X86 calling conventions

From Wikipedia, the free encyclopedia

The correct title of this article is x86 calling conventions. The initial letter is shown capitalized due to technical restrictions.

This article describes the calling conventions used on the x86 architecture.

Contents

[edit] cdecl

The cdecl calling convention is used by many C and C++ systems for the x86 architecture. In cdecl, function parameters are passed on the stack in a right-to-left order. Function return values are returned in the EAX register. Registers EAX, ECX, and EDX are available for use in the function.

For instance, the following C code function prototype and function call:

int function(int, int, int);
int a, b, c, x;
...
x = function(a, b, c);

will produce the following x86 Assembly code (written in MASM syntax):

push c
push b
push a
call function
add esp, 12 ;Stack clearing
mov x, eax

The calling function cleans the stack after the function call returns.

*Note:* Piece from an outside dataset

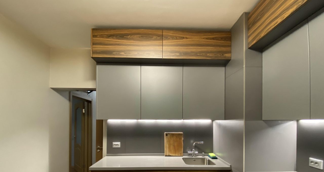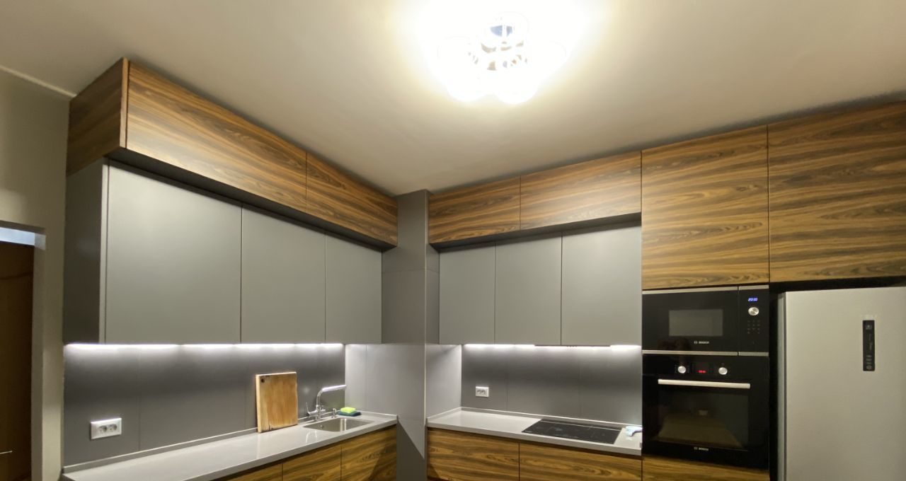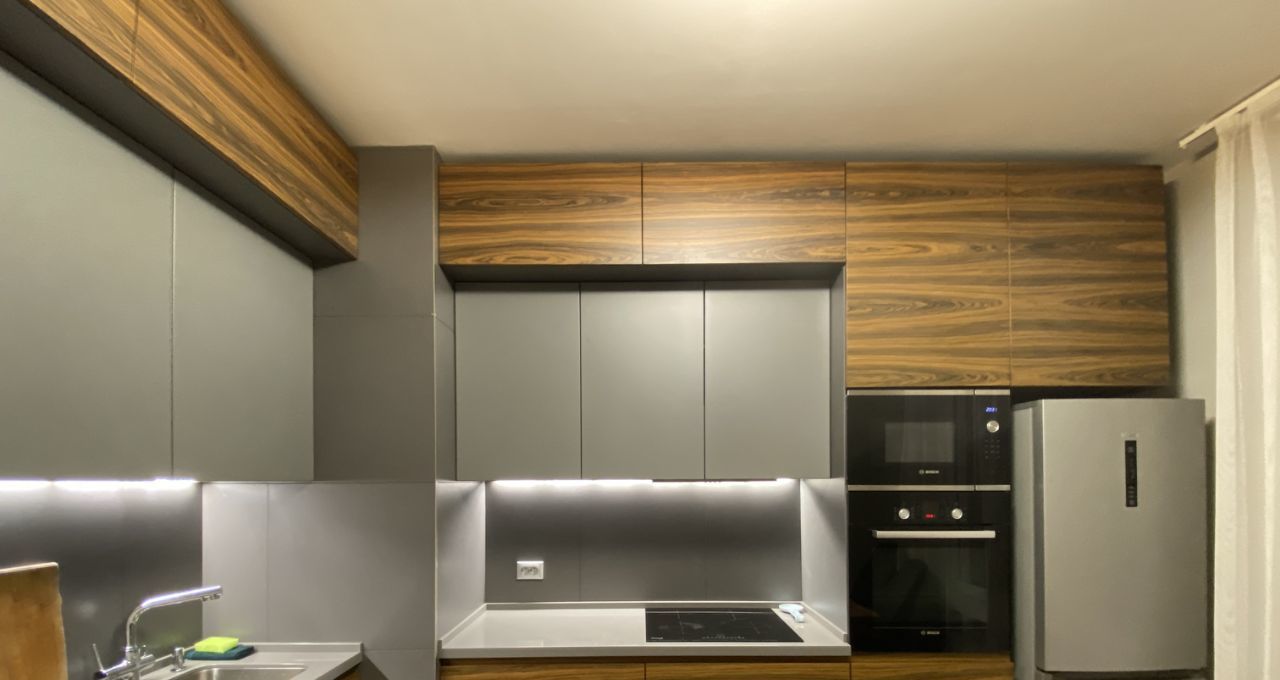 Кухонных гарнитур из шпонированного дуба, фурнитура Blum, посудомоечная машина, встроенная микроволновка Bosh, обеденный стол из натурального слэба вяза.

The cdecl calling convention is usually the default calling convention for x86 C compilers, although many compilers provide options to automatically change the calling conventions used. To manually define a function to be cdecl, some support the following syntax:

void _cdecl function(params);

The _cdecl modifier must be included in the function prototype, and in the function declaration to override any other settings that might be in place.

[edit] Pascal

The Pascal calling convention is the reverse of the C calling convention. The parameters are pushed on the stack in left-to-right order and the callee is responsible for balancing the stack before return.

The callee balances the stack by the assembly code: "ret freestack", where freestack is a constant integer.

[edit] Register (fastcall)

The Register or fastcall calling convention is compiler-specific for historical reasons. In general, however, it states that the few first arguments that fit into a processor's register (i.e. with a size up to 32 bits for x86 architecture) will be passed via registers instead of being put onto the stack. The remaining arguments are passed right-to-left on the stack (like in cdecl). Return values are passed through the AL, AX, or EAX register. The stack is usually callee-cleared unless the function takes a variable number of parameters. Most RTL functions, however, take a small number of parameters, so they don't have to clear the stack at all.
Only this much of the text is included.